# Supplied material:
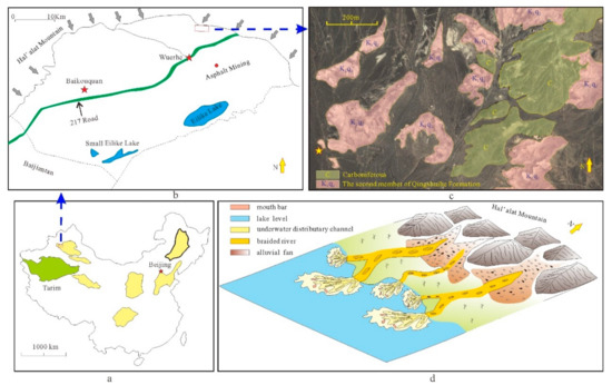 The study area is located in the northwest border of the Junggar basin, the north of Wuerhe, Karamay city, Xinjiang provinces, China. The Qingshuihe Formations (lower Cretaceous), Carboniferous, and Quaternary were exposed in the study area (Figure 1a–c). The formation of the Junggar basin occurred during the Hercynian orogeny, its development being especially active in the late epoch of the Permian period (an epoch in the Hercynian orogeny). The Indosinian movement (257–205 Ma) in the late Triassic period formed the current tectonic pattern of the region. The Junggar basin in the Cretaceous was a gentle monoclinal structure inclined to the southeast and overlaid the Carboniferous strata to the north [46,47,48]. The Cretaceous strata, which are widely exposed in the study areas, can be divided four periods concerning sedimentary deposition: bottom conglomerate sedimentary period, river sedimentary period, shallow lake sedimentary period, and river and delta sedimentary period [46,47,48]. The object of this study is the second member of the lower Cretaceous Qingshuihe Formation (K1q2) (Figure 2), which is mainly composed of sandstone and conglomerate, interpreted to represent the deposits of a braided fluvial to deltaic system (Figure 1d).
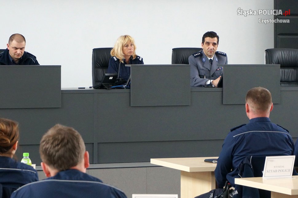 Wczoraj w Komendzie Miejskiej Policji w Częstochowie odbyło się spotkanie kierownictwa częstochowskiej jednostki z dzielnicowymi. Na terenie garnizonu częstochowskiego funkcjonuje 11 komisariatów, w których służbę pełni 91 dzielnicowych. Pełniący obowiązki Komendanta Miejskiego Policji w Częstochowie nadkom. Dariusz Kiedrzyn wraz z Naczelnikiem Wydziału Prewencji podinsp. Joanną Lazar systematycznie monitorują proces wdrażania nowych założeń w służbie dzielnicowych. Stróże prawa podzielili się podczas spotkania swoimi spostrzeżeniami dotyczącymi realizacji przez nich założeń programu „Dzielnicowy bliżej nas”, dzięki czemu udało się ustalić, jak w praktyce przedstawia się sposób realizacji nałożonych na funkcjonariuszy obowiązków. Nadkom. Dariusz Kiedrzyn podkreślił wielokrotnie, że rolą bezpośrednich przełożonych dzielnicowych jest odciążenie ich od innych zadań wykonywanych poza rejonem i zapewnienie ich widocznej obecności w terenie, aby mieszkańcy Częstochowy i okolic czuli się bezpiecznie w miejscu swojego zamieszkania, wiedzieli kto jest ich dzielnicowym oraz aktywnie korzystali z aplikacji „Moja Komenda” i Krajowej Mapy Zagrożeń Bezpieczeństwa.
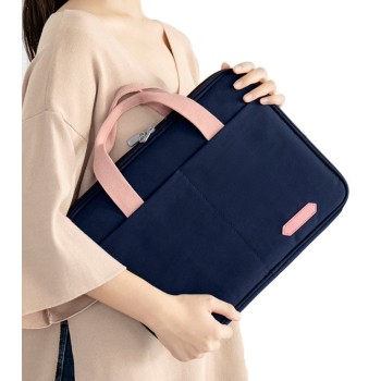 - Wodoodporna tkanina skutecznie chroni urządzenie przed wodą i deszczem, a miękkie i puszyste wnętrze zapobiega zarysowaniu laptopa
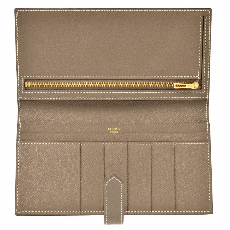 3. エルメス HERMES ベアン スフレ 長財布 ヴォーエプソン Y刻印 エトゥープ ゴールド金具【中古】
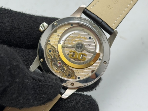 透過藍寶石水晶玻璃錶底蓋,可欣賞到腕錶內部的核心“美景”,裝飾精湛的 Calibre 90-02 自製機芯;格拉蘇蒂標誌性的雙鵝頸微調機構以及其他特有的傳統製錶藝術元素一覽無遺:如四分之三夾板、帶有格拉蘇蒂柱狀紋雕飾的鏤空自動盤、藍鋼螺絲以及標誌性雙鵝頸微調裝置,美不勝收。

...

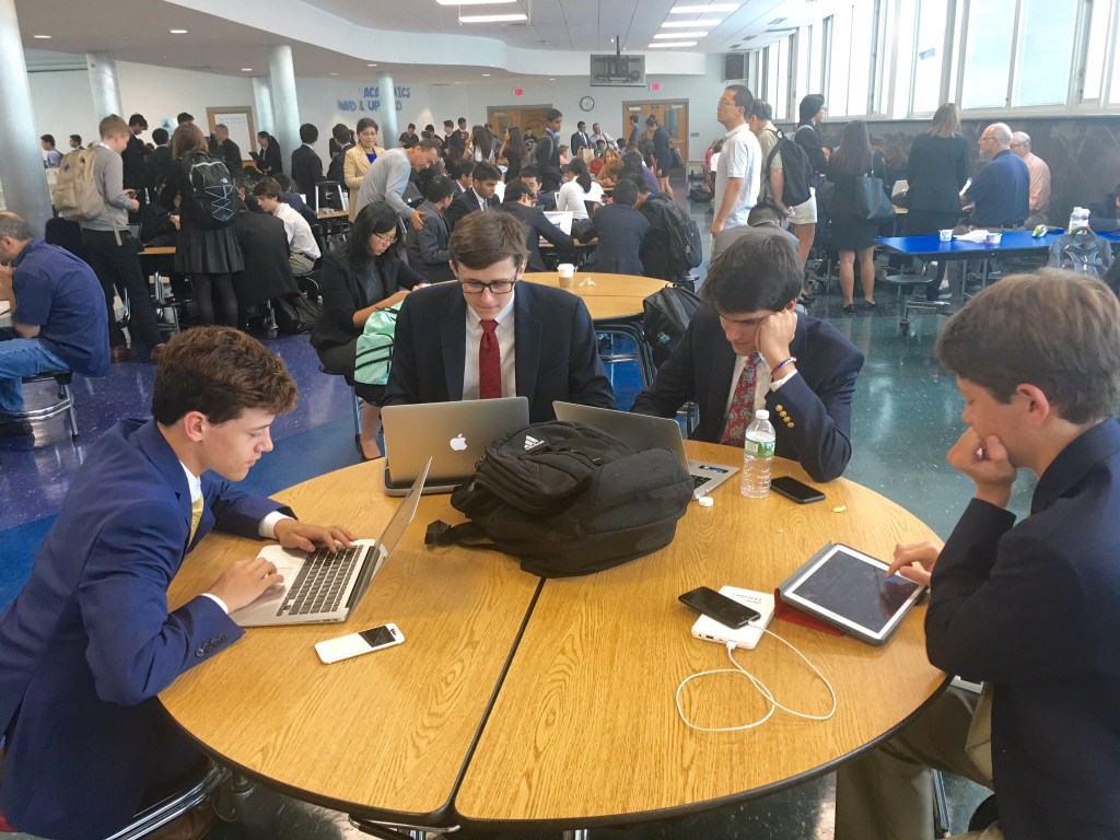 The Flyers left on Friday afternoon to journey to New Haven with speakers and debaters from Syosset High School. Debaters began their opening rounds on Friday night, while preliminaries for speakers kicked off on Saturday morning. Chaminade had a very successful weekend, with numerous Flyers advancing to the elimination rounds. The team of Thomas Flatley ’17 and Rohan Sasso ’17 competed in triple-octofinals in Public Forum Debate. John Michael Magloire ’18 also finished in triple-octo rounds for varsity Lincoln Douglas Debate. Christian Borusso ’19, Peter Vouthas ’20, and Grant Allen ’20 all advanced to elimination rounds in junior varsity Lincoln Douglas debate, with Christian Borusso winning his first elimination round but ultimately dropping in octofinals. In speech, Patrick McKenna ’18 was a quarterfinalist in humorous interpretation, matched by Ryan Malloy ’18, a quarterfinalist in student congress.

--

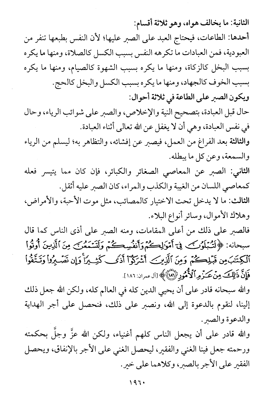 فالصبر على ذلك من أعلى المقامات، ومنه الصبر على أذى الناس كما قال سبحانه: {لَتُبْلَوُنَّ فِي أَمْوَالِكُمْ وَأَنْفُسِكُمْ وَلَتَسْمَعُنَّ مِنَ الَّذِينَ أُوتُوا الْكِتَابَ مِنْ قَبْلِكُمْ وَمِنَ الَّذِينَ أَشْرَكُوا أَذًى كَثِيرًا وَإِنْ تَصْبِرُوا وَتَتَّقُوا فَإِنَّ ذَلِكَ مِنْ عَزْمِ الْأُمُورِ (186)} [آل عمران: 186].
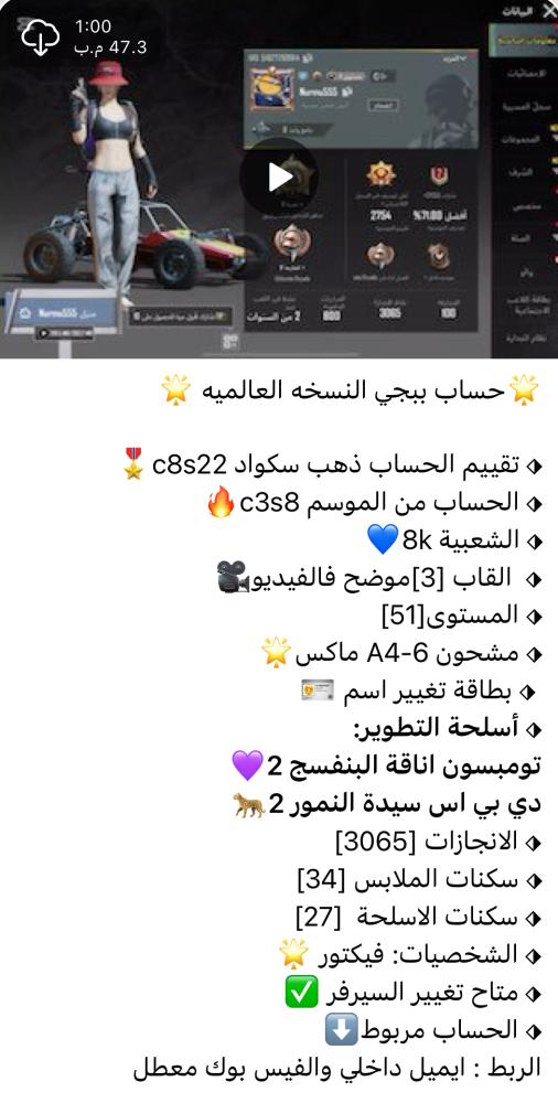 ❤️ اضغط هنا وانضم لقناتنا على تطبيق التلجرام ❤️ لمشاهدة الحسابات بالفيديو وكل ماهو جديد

# Task statement:
Given the entries above, transcribe exactly the lines from the one holding "فالصبر على ذلك" through the one holding "وكل ماهو جديد"; pictures do not belong in the transcription.

# Exercise output:
 فالصبر على ذلك من أعلى المقامات، ومنه الصبر على أذى الناس كما قال سبحانه: {لَتُبْلَوُنَّ فِي أَمْوَالِكُمْ وَأَنْفُسِكُمْ وَلَتَسْمَعُنَّ مِنَ الَّذِينَ أُوتُوا الْكِتَابَ مِنْ قَبْلِكُمْ وَمِنَ الَّذِينَ أَشْرَكُوا أَذًى كَثِيرًا وَإِنْ تَصْبِرُوا وَتَتَّقُوا فَإِنَّ ذَلِكَ مِنْ عَزْمِ الْأُمُورِ (186)} [آل عمران: 186].
 ❤️ اضغط هنا وانضم لقناتنا على تطبيق التلجرام ❤️ لمشاهدة الحسابات بالفيديو وكل ماهو جديد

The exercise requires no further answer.